▶ **Task to carry out**:
The response must consist of the lines from the one holding "Boy With Face" through the final line of the entries, given again exactly and without any pictures.

▶ **Extracted data**:
*** Block opens ***

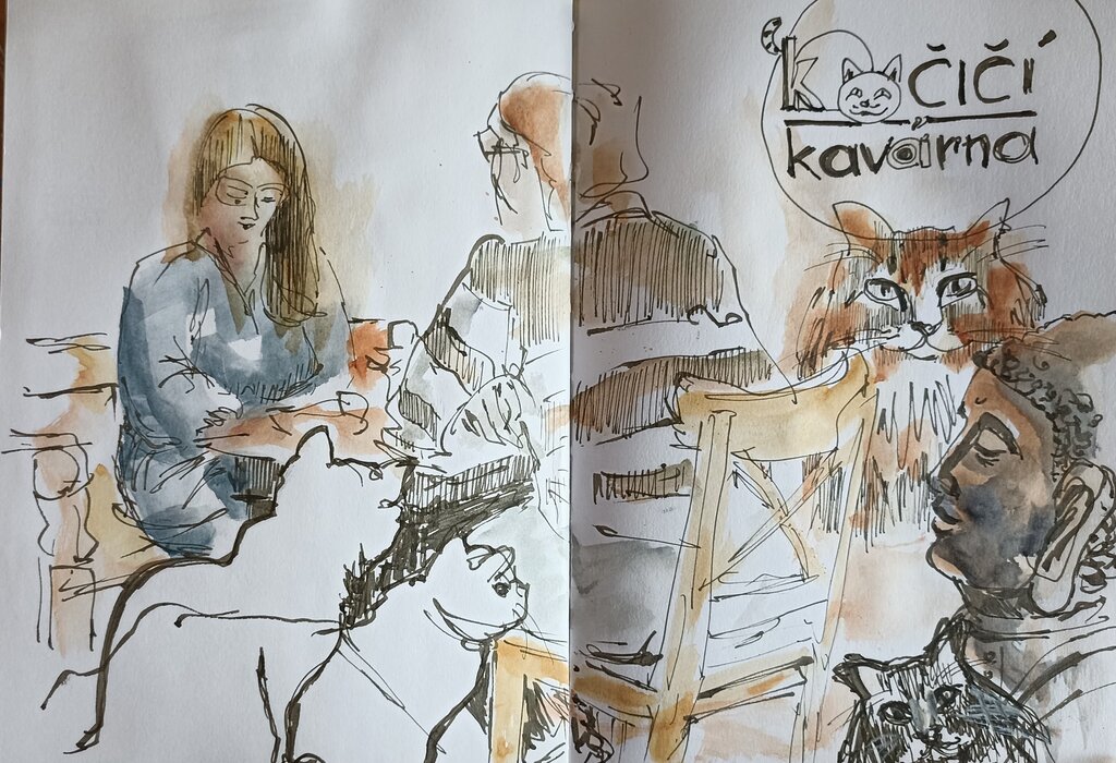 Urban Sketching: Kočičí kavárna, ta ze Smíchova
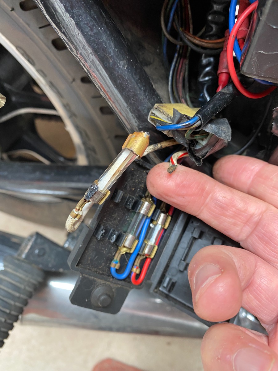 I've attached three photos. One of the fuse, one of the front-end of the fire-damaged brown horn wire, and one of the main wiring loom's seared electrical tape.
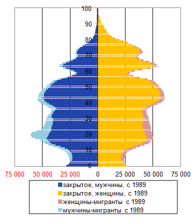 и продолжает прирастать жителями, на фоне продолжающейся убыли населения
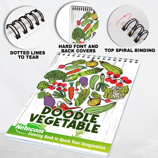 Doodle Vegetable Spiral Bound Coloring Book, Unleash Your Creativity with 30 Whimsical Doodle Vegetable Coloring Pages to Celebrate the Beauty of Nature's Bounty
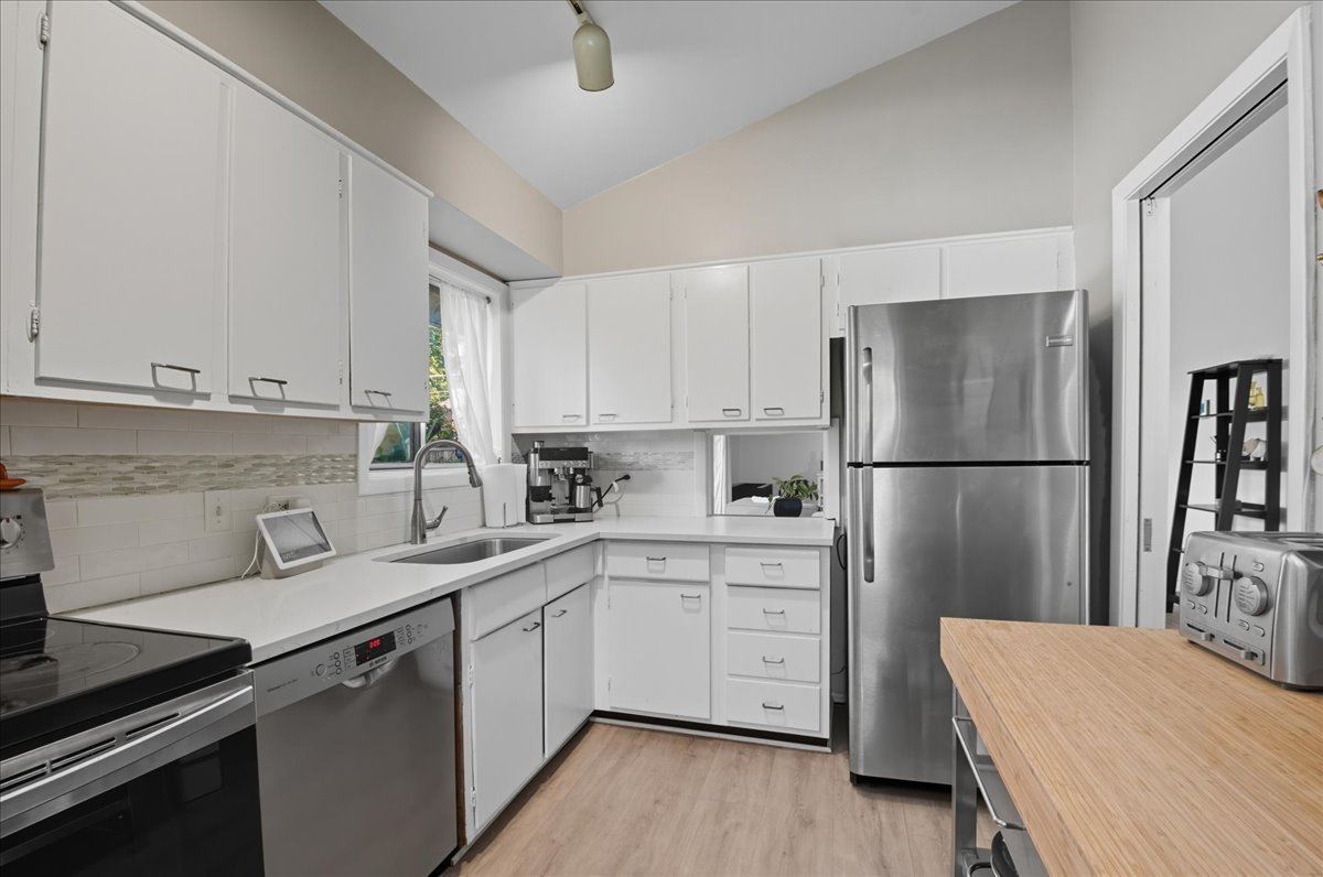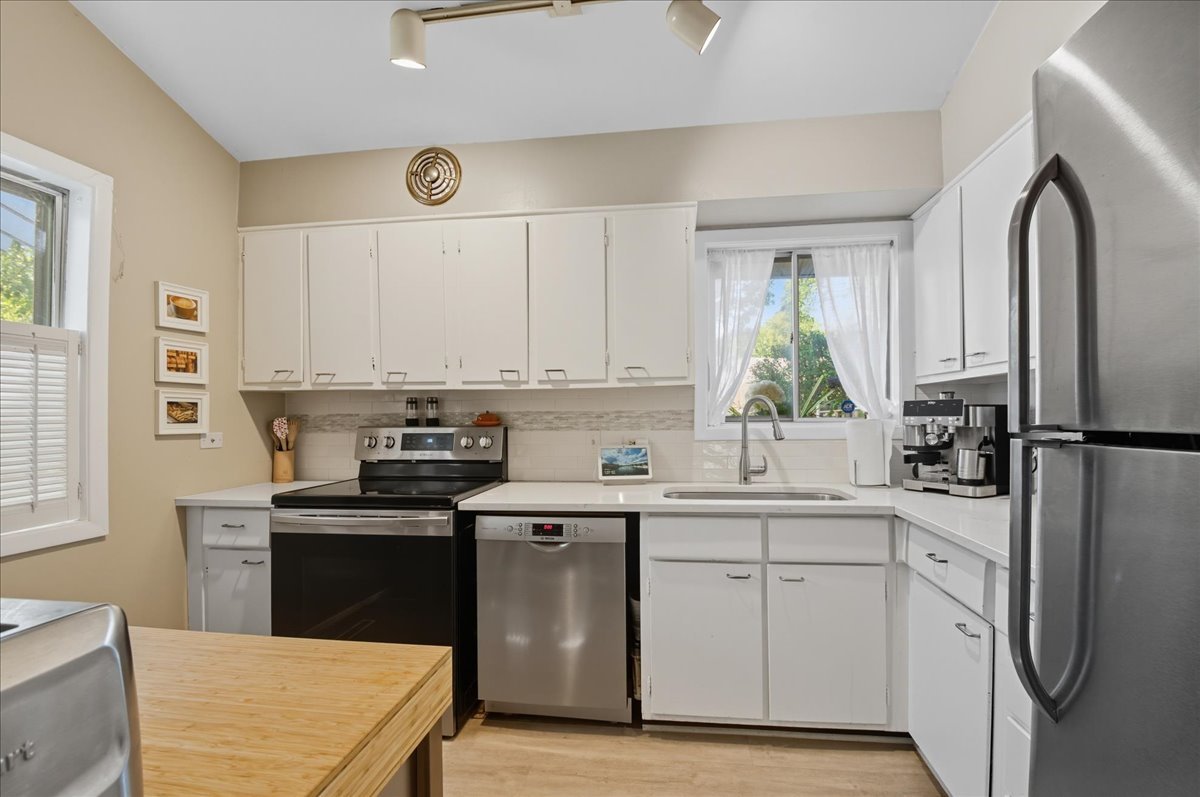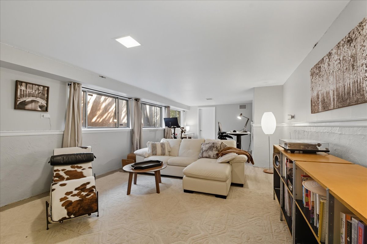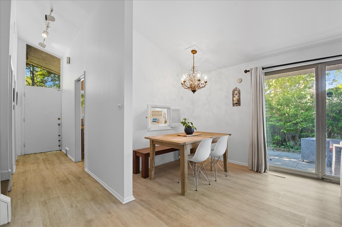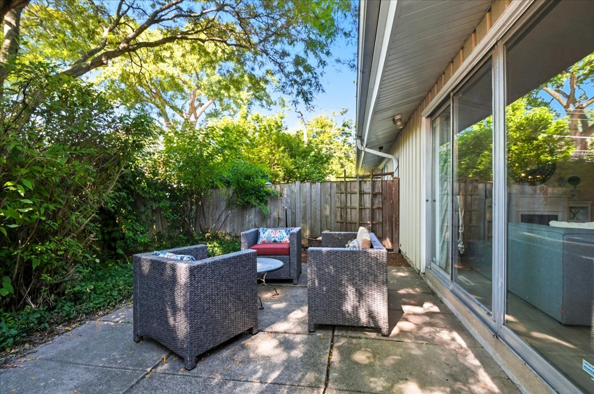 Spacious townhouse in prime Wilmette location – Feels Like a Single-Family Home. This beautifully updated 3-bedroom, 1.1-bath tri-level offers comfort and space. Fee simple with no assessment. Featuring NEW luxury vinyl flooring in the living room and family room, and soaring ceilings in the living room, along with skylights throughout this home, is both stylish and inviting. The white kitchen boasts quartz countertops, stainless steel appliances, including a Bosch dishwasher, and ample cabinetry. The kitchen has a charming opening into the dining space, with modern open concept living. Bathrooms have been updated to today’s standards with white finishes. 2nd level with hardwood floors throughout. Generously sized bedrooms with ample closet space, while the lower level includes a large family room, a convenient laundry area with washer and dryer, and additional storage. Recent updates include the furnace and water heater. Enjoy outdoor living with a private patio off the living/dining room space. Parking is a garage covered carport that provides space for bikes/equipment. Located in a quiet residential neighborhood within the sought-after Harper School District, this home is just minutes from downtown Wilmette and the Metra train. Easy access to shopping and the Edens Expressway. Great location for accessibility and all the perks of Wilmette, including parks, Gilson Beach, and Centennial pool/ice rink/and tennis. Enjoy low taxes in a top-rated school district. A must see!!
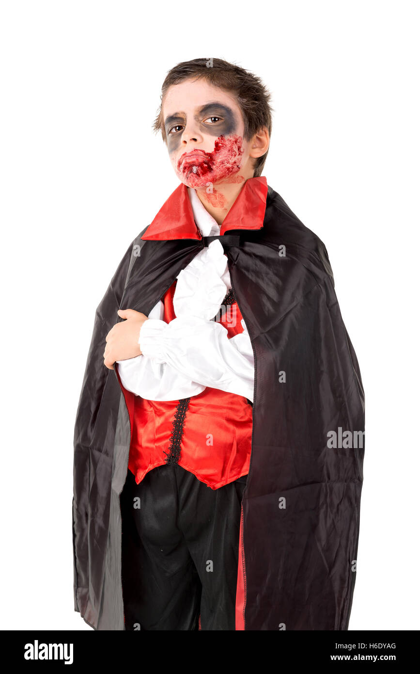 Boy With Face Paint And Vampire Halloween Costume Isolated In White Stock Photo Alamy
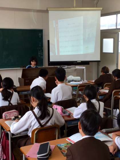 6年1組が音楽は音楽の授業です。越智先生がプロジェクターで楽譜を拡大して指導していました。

*** Block closes ***

▶ **Written solution**:
 Boy With Face Paint And Vampire Halloween Costume Isolated In White Stock Photo Alamy
 6年1組が音楽は音楽の授業です。越智先生がプロジェクターで楽譜を拡大して指導していました。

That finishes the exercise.